# Tombolo



## SuperWen (Aug 26, 2010)

*size:* 20x15x10cm
*lighting:* OSRAM 23W/865 
*filtration:* Resun Mini Canister CY-20 300L/H 
*substrate:* DIY PowerSand Special, ADA Amazonia II Soil & Powder, Silica Sand mesh 80
*hardscape:* vesicular lava basalt, ribang wood
*CO2:* DIY 2 bottle 1,5L 1bps with DIY inline diffuser
*fert & water change regime:* AquaFlirt KeiPro 0.5ml and Azoo Carbon Plus 0.5ml once a week after water change
*plants:* _Fissiden fontanus, Eleocharis acicularis, Hemianthus callitrichoides_ 'cuba', _Vesicularia montagnei_ 'mini'
*fauna:* 3 _Caridina heteropoda_ 'red'


----------



## Seattle_Aquarist (Mar 7, 2008)

Hi SuperWen,

Very nice tank with a good sense of depth.


----------



## SuperWen (Aug 26, 2010)

@ seattle: thanks bro


----------



## ddeneve (Jan 4, 2009)

Your hand is huge, it makes the tank look so small.


----------



## Trower (Jan 4, 2008)

Nice tank, looks very very nice! I really like how your placement of Eleocharis acicularis and the Phoenix moss. Nicely done


----------



## SuperWen (Aug 26, 2010)

ddeneve said:


> Your hand is huge, it makes the tank look so small.


hahahaha... well said



Trower said:


> Nice tank, looks very very nice! I really like how your placement of Eleocharis acicularis and the Phoenix moss. Nicely done


that is mini xmass moss bro...


----------



## SpyderSpy6 (Jun 29, 2010)

Awesome tank!


----------



## woofy666 (Jan 22, 2010)

thats a great¡¡¡ acuarium


----------



## SuperWen (Aug 26, 2010)

*AGA 2010 judges comments for my "Tombolo":*

_"Lovely! Looks like a MUCH larger tank.
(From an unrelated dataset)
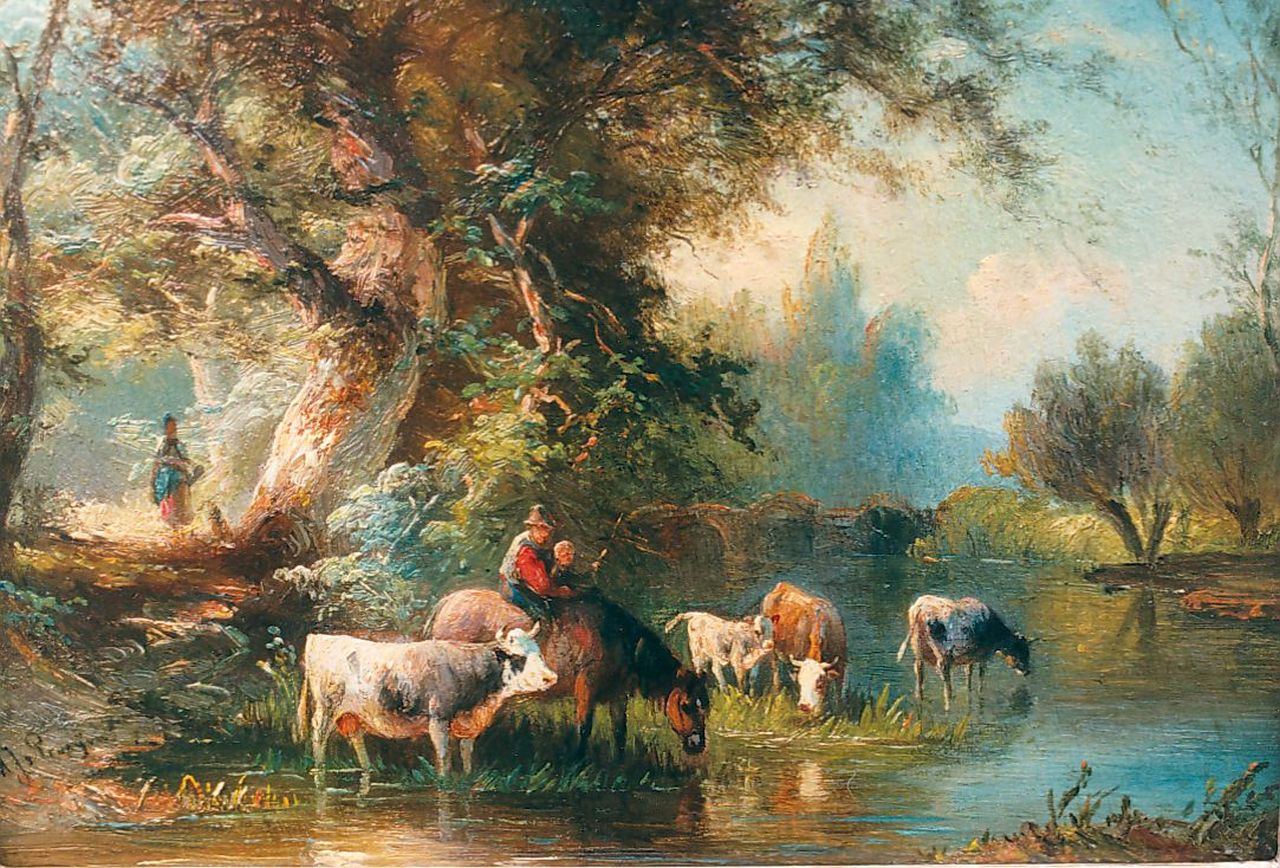 Albert Jurardus van Prooijen kunstwerk • schilderij • voorheen te koop Drinkend vee

My first thought was that it should have some fish in it... then I saw the actual size of the tank. You made the right decision!!! A real little gem!" -Karen Randall

"Beautifully done! You have a very strong understanding of proportion and depth. The Fissidens is pefectly used. The layout looks 10x larger than it is. You got it!" -Jason Baliban_


----------



## ahmadeng (Nov 20, 2010)

very nice idea for focus


----------



## Sketch (Jan 18, 2011)

i actually came across your aquarium on the net and saved it on my computer as my collection of creative aquariums i've came across. this is really really awesome.


----------



## gavinol (Feb 5, 2011)

Really its a nice tank..but why you said this Tombola.. A tombolo is a pile of sediment that, unlike any other formation on a beach, leads straight offshore from the mainland to an island.

Bingo Gift Vouchers


----------



## gourmettea (Sep 20, 2010)

Wow that looks sweet. I love nanos.


----------



## JazzyP (Feb 6, 2011)

That is so beautiful! I am just re-entering the hobby after several years, and have always regretted not having the space for large tanks. I am thrilled to see growing interest in nano tanks of all kinds, and yours makes me think I am on the brink of a new obsession.


----------



## Jason Baliban (Feb 21, 2005)

SuperWen said:


> "Beautifully done! You have a very strong understanding of proportion and depth. The Fissidens is pefectly used. The layout looks 10x larger than it is. You got it!" -Jason Baliban


Seeing it again after all these months, i still feel the same way about it! Super Job!!

jB


----------



## jimmyn (Dec 10, 2010)

SuperWen everything you do is very impressive. Wish you were in Costa Rica to help me.


----------



## SuperWen (Aug 26, 2010)

@ sketch, gourmettea, Jazzyp & jimmyn: thanks bro 
@ gavinol: yes, I know what Tombolo is.. I'm geologist FYI..
the idea was the island on my scape is a small land, and the white sand is a tombolo that attach this land to the main land 
@ jason baliban: many thanks for your comment, i'm very appreciate it


----------



## thlim (Apr 2, 2011)

That's awesome !! the tank looks like 30gal to me lol


----------



## Soumya (Jun 30, 2010)

very nice tank and great depth in setup...love ur tank


----------



## Transposon (Jul 16, 2005)

Wow! Didn't realize how small the tank is until that hand...
Amazing!


----------



## Jester56 (Dec 11, 2012)

Awesome! The size is deceptive, but most cool when you see how small it is. Nice work


----------